The first module 1 has a control board mounting part 2 at its upper end. A control board (not shown) for controlling the semiconductor element 3 is arranged inside the control board mounting portion 2. In the power conversion device 100 of the embodiment, the control board is an electrical component housed in the control board mounting unit 2. As described above, since the second module 51 has the same configuration as that of the first module 1, a control board mounting portion is also formed in the second casing 59 (FIGS. 1 to 3) of the second module 51. The control board is housed in the control board mounting portion.

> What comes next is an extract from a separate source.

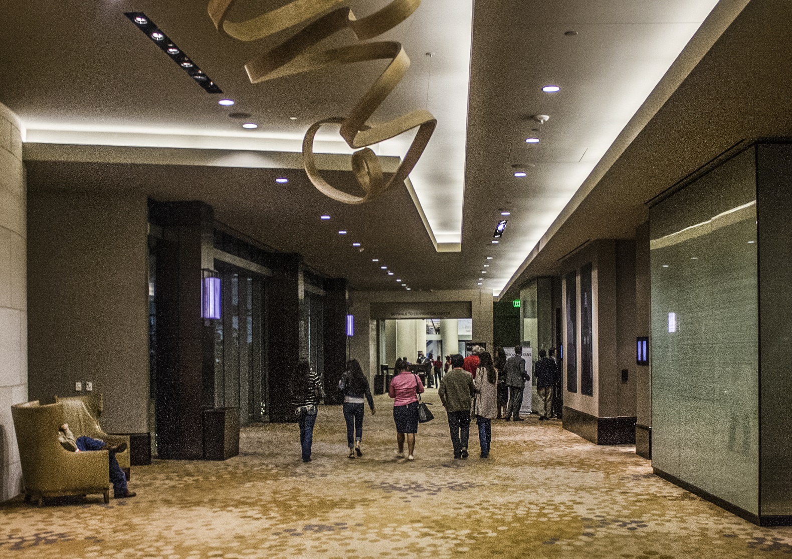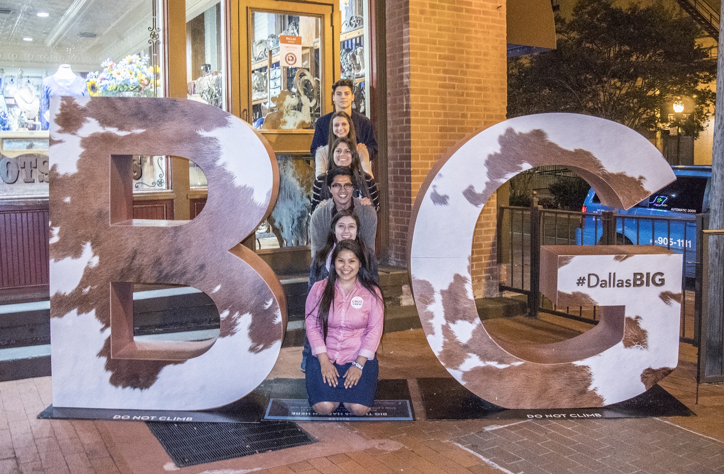 With dinner complete, we headed back to the Omni, hoping to walk off some of the food. On the way, we stopped at one of Dallas’s civic engagement spots: one of the Big D signs posted around town. Promoting the town logo of “The Big D”, the City has put up signs around town with a giant “B” and “G,” with a space in between. This space is designed to be filled by citizens, turning “i” into the City–Big D. And that’s what we did.

In the front-rear direction (left-right direction in FIG. 4), the protruding end from which the discharge portion 41 protrudes most from the first housing 9 is disposed in front of the control board mounting portion 2. As shown in FIGS. 1 to 3, the first housing 9 of the first module 1 and the second housing 59 of the second module 51 are in the front-rear direction and the left-right direction (the direction perpendicular to the paper surface in FIG. 4). Arranged at the same position. In plan view, the protruding end of the discharge unit 41 is disposed at a position that does not overlap with the second housing 59 of the second module 51, and thus is disposed at a position that does not overlap with the control board mounting portion of the second module 51. ing.

(Action / Effect)
In the power conversion device 100 described above, as shown in FIG. 4, the tray 40 is disposed below the cooling medium flow path through which the cooling medium flows in the first housing 9 of the first module 1. . The tray 40 is disposed below the

joints

16, 18, 20, 21, 23, 25 included in the cooling medium flow path, and the cooling medium leaks from the

joints

16, 18, 20, 21, 23, 25. In some cases, the leaked cooling medium is received. The cooling medium accumulated in the tray 40 flows into the internal space of the discharge portion 41 from the opening at the proximal end of the discharge portion 41, flows through the internal space of the discharge portion 41, and from the opening at the protruding end of the discharge portion 41. By flowing out, it is discharged to the outside of the first housing 9.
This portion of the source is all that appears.